Comparative studies on the high-variability embedded robust parameter design from the perspective of estimators

Engineers and scientists often identify robust parameter design (RPD) as one of the most important process and quality improvement methods. Focused on determining the optimum operating conditions that facilitate target attainment with minimum variability, typical approaches to RPD use ordinary least squares methods to obtain response functions for the mean and variance by assuming that process data are normally distributed and exhibit reasonably low variability. Consequently, the sample mean and standard deviation are the most common estimators used in the initial tier of estimation, as they perform best when these assumptions hold. Realistically, however, industrial processes often exhibit high variability, particularly in mass production lines. If ignored, such conditions can cause the quality of the estimates obtained using the sample mean and standard deviation to deteriorate. This paper examines several alternatives to the sample mean and standard deviation, incorporating them into RPD modeling and optimization approaches to ascertain which tend to yield better solutions when highly variable conditions prevail.
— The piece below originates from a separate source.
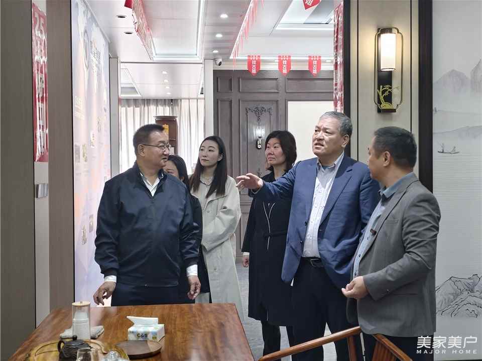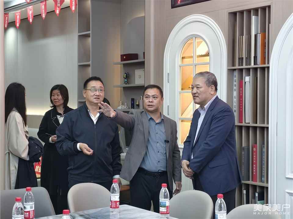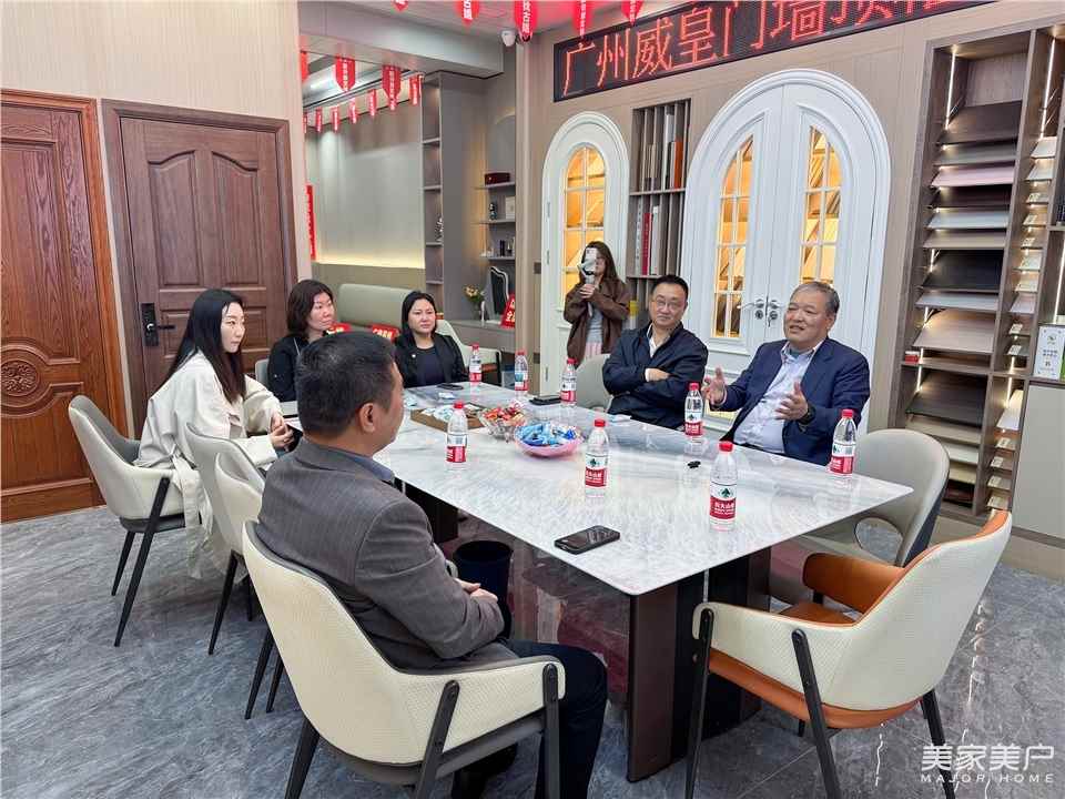 2025年4月2日,广东省门业协会执行会长徐生陪同国家市场监督管理总局标准创新管理司原司长崔钢、中国标准化协会家居建材质量专业委员会副主任委员周妍玥一行,赴威皇木业调研交流。威皇木业董事长谭增茂热情接待并全程陪同参观企业全屋整装定制展厅,双方围绕行业标准化建设、绿色低碳转型以及数字化转型出海等议题展开深入探讨。

Monte Carlo simulation and numerical studies are used to compare the performances of the proposed methods with the traditional approach.

► Industrial processes often exhibit larger variability, particularly in mass production lines. ► We study alternative estimators to identify better robust design methods under high variability. ► Monte Carlo simulation and case studies substantiate the performance of proposed methods. ► Proposed models outperform typical approaches while retaining efficiency and resistivity. ► Median-based estimators tend to yield the best RPD results.